Database connectivity issues

Ive had a database connected to my app for months, but now suddenly the app is unable to connect. I also tried proxying to it with the flyctl, but it cant find the host name.

My dashboard is green, and so is the fly status pages. So I am a bit lost. My app has been unchanged for 1 month, and has been working with no problems until I discovered this today.

Hey there,

Looks like this was on a host that crashed and was restarted on the 9th. It started back up at 4:32 PM and your machine was restarted a few minutes after that.

Seems like there was a bug and the private IP addresses were not properly registered in our state.

I stop/started your machine and it is back and DNS responses seem :+1:. This enabled the app connecting to the database to start back up too.

We’re going to look through what might’ve happened and implement a more permanent fix.

2 Likes

Great, thanks! Any way I could have detected this? Either automatically (from the app) or manually? And how could I have fixed it myself (automatically)?

Hi, I am having the same issue! I tried to fly apps restart --force-stop but still getting :nxdomain error.

The temporary fix is to restart your database’s machine, not the app.

I thought I fixed all instances yesterday, but my query for detecting them was wrong.

We don’t yet have alerting features like that, though we are working on something.

You couldn’t have detected this automatically or manually by directly observing your database instances. Indirectly, your app connecting to the database on boot didn’t work. External monitoring services might’ve alerted you about this earlier (I’m just throwing ideas, not saying you should’ve had that).

We’re looking into the sequence of events that led to this situation.
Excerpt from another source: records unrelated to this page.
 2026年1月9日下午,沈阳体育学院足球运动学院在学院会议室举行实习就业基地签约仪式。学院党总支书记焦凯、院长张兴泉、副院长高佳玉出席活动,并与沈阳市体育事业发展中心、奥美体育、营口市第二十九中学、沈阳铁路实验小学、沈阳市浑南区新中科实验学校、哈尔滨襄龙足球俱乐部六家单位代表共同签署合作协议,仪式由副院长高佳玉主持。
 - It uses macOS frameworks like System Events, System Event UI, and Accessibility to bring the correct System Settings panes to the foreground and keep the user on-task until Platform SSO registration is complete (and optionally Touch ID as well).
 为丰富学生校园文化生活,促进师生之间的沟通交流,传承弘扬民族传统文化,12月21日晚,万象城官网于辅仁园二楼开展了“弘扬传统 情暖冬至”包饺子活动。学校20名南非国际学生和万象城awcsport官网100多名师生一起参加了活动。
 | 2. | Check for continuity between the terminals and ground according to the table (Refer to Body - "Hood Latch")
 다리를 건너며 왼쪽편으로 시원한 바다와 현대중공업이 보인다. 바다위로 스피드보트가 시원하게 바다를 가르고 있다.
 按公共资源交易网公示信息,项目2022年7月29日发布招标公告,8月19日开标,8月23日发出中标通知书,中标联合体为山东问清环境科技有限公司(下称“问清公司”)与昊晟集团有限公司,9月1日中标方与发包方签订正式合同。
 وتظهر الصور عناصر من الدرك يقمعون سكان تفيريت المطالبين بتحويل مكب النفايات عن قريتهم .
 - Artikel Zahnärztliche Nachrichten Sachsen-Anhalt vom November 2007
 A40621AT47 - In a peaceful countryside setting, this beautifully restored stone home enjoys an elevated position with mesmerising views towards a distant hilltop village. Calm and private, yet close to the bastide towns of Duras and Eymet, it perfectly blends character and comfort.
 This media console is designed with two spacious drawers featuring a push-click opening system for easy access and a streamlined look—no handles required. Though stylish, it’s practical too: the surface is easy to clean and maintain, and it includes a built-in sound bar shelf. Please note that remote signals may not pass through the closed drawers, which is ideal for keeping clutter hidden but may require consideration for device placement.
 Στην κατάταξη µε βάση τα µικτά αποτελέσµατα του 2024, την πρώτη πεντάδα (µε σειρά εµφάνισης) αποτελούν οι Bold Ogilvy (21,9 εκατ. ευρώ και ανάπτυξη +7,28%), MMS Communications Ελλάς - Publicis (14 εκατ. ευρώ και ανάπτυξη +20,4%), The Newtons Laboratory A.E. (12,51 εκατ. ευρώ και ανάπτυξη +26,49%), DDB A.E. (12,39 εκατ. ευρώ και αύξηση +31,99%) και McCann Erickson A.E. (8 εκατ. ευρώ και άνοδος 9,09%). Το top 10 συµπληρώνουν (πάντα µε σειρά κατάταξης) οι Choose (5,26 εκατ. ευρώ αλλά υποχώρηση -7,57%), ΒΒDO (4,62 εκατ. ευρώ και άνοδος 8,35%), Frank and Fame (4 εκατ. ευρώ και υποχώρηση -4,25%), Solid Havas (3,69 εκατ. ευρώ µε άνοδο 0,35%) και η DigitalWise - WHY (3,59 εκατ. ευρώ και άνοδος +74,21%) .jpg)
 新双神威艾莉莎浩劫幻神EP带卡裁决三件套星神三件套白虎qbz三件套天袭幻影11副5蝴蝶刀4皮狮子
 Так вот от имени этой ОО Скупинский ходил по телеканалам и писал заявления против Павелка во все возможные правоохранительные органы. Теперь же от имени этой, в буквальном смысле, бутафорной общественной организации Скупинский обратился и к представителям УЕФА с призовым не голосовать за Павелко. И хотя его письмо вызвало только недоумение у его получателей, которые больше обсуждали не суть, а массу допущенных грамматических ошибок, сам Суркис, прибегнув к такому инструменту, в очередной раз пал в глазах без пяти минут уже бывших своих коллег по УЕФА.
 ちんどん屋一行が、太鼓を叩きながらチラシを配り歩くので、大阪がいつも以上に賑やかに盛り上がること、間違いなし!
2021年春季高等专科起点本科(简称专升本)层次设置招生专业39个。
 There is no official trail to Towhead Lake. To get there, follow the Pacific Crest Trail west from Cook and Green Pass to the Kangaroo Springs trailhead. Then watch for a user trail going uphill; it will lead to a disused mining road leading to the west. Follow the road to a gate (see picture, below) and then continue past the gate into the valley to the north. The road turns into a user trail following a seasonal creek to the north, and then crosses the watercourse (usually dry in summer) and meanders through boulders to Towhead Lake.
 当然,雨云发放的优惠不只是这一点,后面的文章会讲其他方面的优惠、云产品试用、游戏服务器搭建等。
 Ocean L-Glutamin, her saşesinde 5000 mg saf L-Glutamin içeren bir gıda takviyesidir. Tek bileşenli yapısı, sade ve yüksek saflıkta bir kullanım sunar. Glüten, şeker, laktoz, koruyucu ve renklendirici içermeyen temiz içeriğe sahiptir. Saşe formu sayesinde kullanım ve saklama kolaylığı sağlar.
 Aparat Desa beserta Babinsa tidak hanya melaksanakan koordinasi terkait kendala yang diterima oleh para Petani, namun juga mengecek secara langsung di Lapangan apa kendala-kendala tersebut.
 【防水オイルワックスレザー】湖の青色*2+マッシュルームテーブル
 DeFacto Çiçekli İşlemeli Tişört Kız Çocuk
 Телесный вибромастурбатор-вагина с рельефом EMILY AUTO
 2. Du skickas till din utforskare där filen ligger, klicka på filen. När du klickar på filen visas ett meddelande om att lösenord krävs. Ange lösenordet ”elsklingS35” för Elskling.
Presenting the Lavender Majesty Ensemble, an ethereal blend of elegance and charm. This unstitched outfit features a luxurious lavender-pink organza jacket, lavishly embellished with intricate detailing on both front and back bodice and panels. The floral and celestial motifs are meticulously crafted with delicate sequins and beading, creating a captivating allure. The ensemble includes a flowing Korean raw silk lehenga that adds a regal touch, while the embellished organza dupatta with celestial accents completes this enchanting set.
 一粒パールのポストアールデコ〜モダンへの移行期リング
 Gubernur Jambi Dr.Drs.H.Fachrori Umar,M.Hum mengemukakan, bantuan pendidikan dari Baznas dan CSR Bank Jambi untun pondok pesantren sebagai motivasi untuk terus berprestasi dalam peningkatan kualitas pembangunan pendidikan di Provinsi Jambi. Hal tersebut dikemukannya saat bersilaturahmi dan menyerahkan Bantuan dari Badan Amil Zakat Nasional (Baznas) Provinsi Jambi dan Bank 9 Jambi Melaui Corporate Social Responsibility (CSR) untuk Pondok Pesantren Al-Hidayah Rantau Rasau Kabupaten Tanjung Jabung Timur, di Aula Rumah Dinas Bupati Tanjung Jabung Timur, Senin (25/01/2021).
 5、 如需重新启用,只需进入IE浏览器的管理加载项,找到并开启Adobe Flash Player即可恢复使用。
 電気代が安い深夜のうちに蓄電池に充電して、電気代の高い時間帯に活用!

It seemed correlated with the host rebooting.

Restarting the database instance (the machine, via fly machine restart, not via fly pg restart) would’ve fixed this. That’s how I fixed it. We have a better way to fix it without a restart now in case it happens again. Ideally it won’t, that’s what we’re working towards.

This topic was automatically closed 7 days after the last reply. New replies are no longer allowed.